COLUMBIA — Nearly 20 years ago, a handful of parents wanted to help other parents who were struggling to raise healthy, happy and holy children, and formed Family Honor, Inc., to accomplish that goal. Today the demand for programs has exceeded manpower and funding, so Family Honor is trying to find creative ways to grow.
Family Honor sponsored a luncheon on May 4 called “Fulfilling the Promise.” Parents from parishes in the Midlands were able to hear personal testimony on how the organization positively impacted the speakers’ lives.
“I knew that Family Honor’s mission of training chastity presenters, developing family-centered materials on virtue formation, and providing program opportunities for parents and children to communicate on important life issues, especially chastity, was critical in the culture we were living in,” said Brenda Cerkez, executive director.
Today Family Honor has affiliate teams in five states, and men and women from nine states have come through the college-credit training course.

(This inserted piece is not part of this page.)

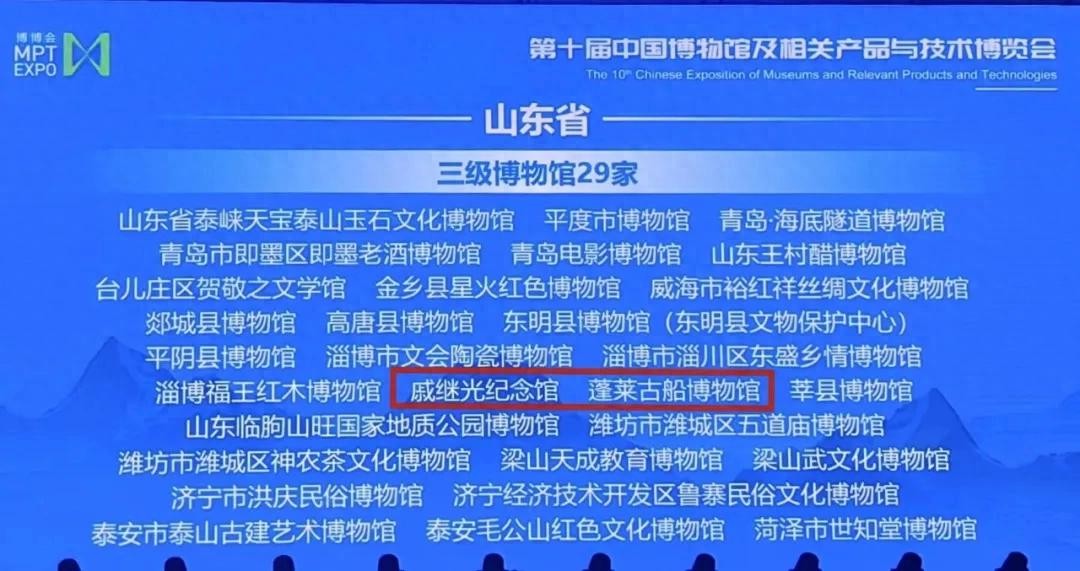 8月23日上午,在第十届中国博物馆及相关产品与技术博览会开幕式上,中国博物馆协会公布了第五批国家二、三级博物馆名单。其中,蓬莱古船博物馆、戚继光纪念馆获评国家三级博物馆。

They have also created new CD-ROMs that will be used by crisis pregnancy centers, religious education teachers, youth directors and others to help both adults and children better understand the precious gift of sexuality given to all by God.

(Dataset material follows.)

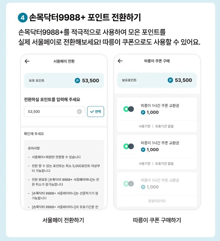 손목닥터 9988 프로그램은 건강 활동을 통해 포인트를 적립하고, 이를 서울페이로 전환하여 현금처럼 사용할 수 있는 혜택을 제공합니다.

Cerkez hopes to make family life better for others.
“If we had had the opportunity that Family Honor provides, my mom and I could have communicated so much better and it would have made my life a lot easier, especially growing up in a single-parent family,” she said.
Teen presenters are an important part of every Family Honor team, she said, because they help make the programs exciting and relevant. Hilary Bauer, a former teen presenter who now has a family of her own, spoke at the luncheon.
“When I was unsure of myself, thought I was all alone, and wondered why I got stuck with the glasses, freckles and braces rather than look like the models I saw in the magazines, Family Honor gave me perspective,” she said. “I was of infinite value to God.”
Karen Rogers, an adult presenter, and her husband, Dan, shared their insights.
“Dan and I were both cradle Catholics, but unfortunately accepted the cafeteria-style approach to our faith, particularly in the area of sexuality,” Karen told the group. “When we found Family Honor and the truth was revealed to us about God’s plan for our sexuality, we went through a recommitment to our faith and to our marriage vows. We finally understood what it meant to be truly open to life.”
Rogers said that the couple could not have children of their own but discovered that being open to life took on a new meaning through adoption. Dan said he believed in the difference parents make as the most important teachers in the lives of their children.
“As off-track as the world is with its messages of ‘free love,’ the alternative we are offering through Family Honor — ‘real love’ — is so much more powerful, uplifting and promising. We want to help our children to know in the very depth of their being that they have been uniquely called to love as God loves: freely, fully, faithfully, fruitfully and forever. It is always first and foremost a message of hope,” he said.